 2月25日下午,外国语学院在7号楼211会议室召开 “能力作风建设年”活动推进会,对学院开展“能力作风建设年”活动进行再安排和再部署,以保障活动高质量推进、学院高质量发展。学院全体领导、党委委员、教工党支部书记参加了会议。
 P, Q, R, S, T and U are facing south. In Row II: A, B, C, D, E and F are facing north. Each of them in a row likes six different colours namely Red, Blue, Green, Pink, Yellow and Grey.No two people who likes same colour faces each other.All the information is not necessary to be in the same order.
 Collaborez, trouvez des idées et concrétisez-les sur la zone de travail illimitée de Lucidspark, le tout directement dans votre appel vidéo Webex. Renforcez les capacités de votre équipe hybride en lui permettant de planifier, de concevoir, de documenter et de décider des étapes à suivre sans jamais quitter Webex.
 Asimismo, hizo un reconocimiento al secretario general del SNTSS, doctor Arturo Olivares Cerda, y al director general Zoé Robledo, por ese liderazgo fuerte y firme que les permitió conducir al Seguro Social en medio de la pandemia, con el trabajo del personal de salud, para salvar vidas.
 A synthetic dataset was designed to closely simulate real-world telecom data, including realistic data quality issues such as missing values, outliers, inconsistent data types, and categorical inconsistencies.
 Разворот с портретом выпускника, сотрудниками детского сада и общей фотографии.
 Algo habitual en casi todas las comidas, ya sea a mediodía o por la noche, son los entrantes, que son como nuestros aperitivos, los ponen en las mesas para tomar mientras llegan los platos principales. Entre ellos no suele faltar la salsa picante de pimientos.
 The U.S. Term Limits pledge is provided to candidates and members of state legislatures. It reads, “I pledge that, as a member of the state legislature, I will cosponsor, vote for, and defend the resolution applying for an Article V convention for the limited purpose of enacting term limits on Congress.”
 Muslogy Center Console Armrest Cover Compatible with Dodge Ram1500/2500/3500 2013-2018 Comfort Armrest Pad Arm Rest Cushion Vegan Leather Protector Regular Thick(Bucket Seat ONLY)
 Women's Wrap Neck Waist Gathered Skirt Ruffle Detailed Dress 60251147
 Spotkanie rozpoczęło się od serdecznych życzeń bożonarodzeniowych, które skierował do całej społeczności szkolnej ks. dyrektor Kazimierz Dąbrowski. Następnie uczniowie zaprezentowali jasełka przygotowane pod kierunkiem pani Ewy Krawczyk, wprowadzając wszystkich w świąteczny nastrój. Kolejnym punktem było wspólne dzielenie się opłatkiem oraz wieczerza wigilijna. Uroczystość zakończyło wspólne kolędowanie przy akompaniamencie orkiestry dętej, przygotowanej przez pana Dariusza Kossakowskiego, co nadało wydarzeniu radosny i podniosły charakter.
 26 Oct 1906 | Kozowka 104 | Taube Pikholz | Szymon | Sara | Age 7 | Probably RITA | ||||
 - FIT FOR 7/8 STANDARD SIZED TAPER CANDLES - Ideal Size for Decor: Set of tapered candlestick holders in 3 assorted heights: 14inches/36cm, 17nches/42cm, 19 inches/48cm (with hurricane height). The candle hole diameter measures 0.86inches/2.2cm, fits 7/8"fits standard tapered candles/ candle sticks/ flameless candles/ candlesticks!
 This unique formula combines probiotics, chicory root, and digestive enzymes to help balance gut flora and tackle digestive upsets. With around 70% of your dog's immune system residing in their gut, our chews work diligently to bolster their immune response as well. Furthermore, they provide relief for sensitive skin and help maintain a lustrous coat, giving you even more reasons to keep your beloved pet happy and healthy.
******
## TASK DESCRIPTION
Look through the data above and return exactly the lines from the one that contains "The U.S. Term" to the one that contains "26 Oct 1906", inclusive, with nothing else.

## OUTPUT FOR THIS EXERCISE
 The U.S. Term Limits pledge is provided to candidates and members of state legislatures. It reads, “I pledge that, as a member of the state legislature, I will cosponsor, vote for, and defend the resolution applying for an Article V convention for the limited purpose of enacting term limits on Congress.”
 Muslogy Center Console Armrest Cover Compatible with Dodge Ram1500/2500/3500 2013-2018 Comfort Armrest Pad Arm Rest Cushion Vegan Leather Protector Regular Thick(Bucket Seat ONLY)
 Women's Wrap Neck Waist Gathered Skirt Ruffle Detailed Dress 60251147
 Spotkanie rozpoczęło się od serdecznych życzeń bożonarodzeniowych, które skierował do całej społeczności szkolnej ks. dyrektor Kazimierz Dąbrowski. Następnie uczniowie zaprezentowali jasełka przygotowane pod kierunkiem pani Ewy Krawczyk, wprowadzając wszystkich w świąteczny nastrój. Kolejnym punktem było wspólne dzielenie się opłatkiem oraz wieczerza wigilijna. Uroczystość zakończyło wspólne kolędowanie przy akompaniamencie orkiestry dętej, przygotowanej przez pana Dariusza Kossakowskiego, co nadało wydarzeniu radosny i podniosły charakter.
 26 Oct 1906 | Kozowka 104 | Taube Pikholz | Szymon | Sara | Age 7 | Probably RITA | ||||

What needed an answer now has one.